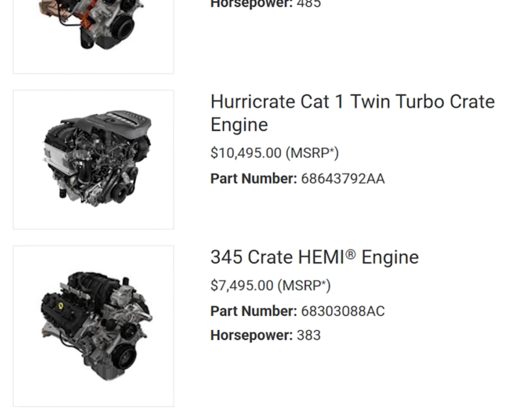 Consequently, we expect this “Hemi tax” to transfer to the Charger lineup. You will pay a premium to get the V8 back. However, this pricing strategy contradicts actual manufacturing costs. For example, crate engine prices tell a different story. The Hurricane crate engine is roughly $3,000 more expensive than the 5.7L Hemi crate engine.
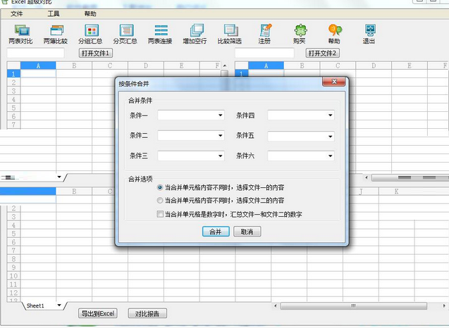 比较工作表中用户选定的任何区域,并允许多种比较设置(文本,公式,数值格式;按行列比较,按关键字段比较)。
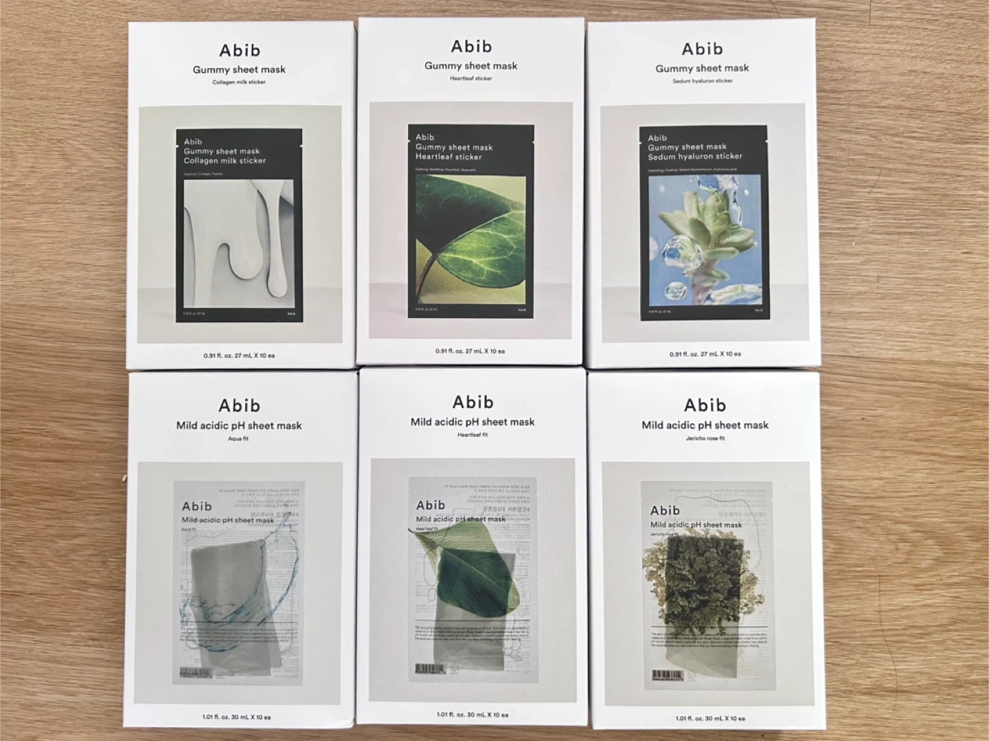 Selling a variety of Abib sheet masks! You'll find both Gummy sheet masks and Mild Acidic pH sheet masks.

* * *

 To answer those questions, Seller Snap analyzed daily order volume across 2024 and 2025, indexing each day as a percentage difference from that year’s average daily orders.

◆ **EXERCISE PROMPT**: Please output the lines above beginning at the line with "Consequently, we expect" and ending after the line with "Selling a variety", precisely as written and with no pictures.

◆ **TASK RESPONSE**:
 Consequently, we expect this “Hemi tax” to transfer to the Charger lineup. You will pay a premium to get the V8 back. However, this pricing strategy contradicts actual manufacturing costs. For example, crate engine prices tell a different story. The Hurricane crate engine is roughly $3,000 more expensive than the 5.7L Hemi crate engine.
 比较工作表中用户选定的任何区域,并允许多种比较设置(文本,公式,数值格式;按行列比较,按关键字段比较)。
 Selling a variety of Abib sheet masks! You'll find both Gummy sheet masks and Mild Acidic pH sheet masks.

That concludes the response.